TASK DETAILS: A complete response lists each line of the data below that includes the word "front".

THE DATA:

-- Opening Marker --

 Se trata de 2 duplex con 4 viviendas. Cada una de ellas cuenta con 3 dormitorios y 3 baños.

-- Closing Marker --
-- Opening Marker --

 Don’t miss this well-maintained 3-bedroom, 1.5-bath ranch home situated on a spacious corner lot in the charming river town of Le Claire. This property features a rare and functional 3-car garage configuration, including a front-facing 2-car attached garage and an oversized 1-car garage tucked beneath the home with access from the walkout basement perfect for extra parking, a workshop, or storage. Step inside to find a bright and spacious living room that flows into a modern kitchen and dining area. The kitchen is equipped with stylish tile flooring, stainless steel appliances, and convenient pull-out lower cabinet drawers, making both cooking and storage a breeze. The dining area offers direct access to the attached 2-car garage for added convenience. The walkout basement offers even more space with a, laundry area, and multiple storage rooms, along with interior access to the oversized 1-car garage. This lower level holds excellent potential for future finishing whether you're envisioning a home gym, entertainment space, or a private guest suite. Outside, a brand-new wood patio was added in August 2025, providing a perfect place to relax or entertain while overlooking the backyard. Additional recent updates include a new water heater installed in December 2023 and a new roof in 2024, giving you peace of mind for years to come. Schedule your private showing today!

-- Closing Marker --
-- Opening Marker --

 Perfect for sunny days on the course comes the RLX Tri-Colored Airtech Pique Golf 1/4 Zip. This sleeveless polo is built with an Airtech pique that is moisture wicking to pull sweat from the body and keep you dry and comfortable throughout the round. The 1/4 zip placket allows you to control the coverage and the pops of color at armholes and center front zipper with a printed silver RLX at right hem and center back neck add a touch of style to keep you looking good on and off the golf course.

-- Closing Marker --

TASK RESULT:
 Don’t miss this well-maintained 3-bedroom, 1.5-bath ranch home situated on a spacious corner lot in the charming river town of Le Claire. This property features a rare and functional 3-car garage configuration, including a front-facing 2-car attached garage and an oversized 1-car garage tucked beneath the home with access from the walkout basement perfect for extra parking, a workshop, or storage. Step inside to find a bright and spacious living room that flows into a modern kitchen and dining area. The kitchen is equipped with stylish tile flooring, stainless steel appliances, and convenient pull-out lower cabinet drawers, making both cooking and storage a breeze. The dining area offers direct access to the attached 2-car garage for added convenience. The walkout basement offers even more space with a, laundry area, and multiple storage rooms, along with interior access to the oversized 1-car garage. This lower level holds excellent potential for future finishing whether you're envisioning a home gym, entertainment space, or a private guest suite. Outside, a brand-new wood patio was added in August 2025, providing a perfect place to relax or entertain while overlooking the backyard. Additional recent updates include a new water heater installed in December 2023 and a new roof in 2024, giving you peace of mind for years to come. Schedule your private showing today!
 Perfect for sunny days on the course comes the RLX Tri-Colored Airtech Pique Golf 1/4 Zip. This sleeveless polo is built with an Airtech pique that is moisture wicking to pull sweat from the body and keep you dry and comfortable throughout the round. The 1/4 zip placket allows you to control the coverage and the pops of color at armholes and center front zipper with a printed silver RLX at right hem and center back neck add a touch of style to keep you looking good on and off the golf course.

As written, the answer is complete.